It is true that feminism has brought a positive change in the world. Women now, at least in westernized countries enjoy equal political opportunity, increased economic independence and lesser social stigma from promiscuity. The resounding motto of today is "what men can do, women can do better" or some derivation of that sort. Technically speaking it is true. Take a man and woman with roughly the same height and weight, train them in, say boxing, for the same duration and have them duke it out in the ring. Chances are the match would go either way. And so it would seem that feminism has it right in this point. It does come however at a price, with the masculinisation of women comes the femization of men.

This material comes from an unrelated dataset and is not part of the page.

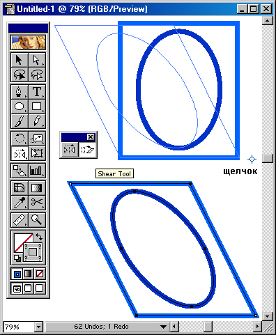 или вертикально в зависимости от того, по какой из осей требуется сдвиг. По умолчанию наклон осуществляется относительно геометрического центра объекта. Если требуется наклон относительно другой точки, то точку "привязки" (центр трансформирования) можно переместить щелчком мыши при включенном инструменте Shear (Наклон). Затем следует перемешать курсор мыши в нужном направлении, при достижении желаемого результата отпустить кнопку мыши.

Here, we define feminization as men embracing effeminate values as the status quo. This also includes apparent subordination and appeasement to women which is actually more widespread as it is insidious in its subtleness which allows itself to go under the radar. Here we use semiotic analysis as the main tool. A semiotic analysis identifies the visual and linguistic signs in the ad, to see how the signs are organized by paradigmatic and syntagmatic selection, and note how the signs relate to each other through various coding systems' (Johnston et al 2000). Semiotic analysis allows us to decode the meanings intrinsic to the commercials. Here we explore the representation of men in advertisements. To clarify the concept, representation is "a set of practices by which meanings are constituted and communicated".
In this race of the sexes, the media plays a vital role in spreading propaganda. A number of ads now represent men as meek and passive. It is this type of commercials that supplant the idea that somehow indecisiveness, timidness and sensitivity is something men ought to aspire to. This idea is captured in the recent Cadbury Chocolate ad wherein the ad revolves around the "courtship" of the boy to the girl by offering a gift of candy.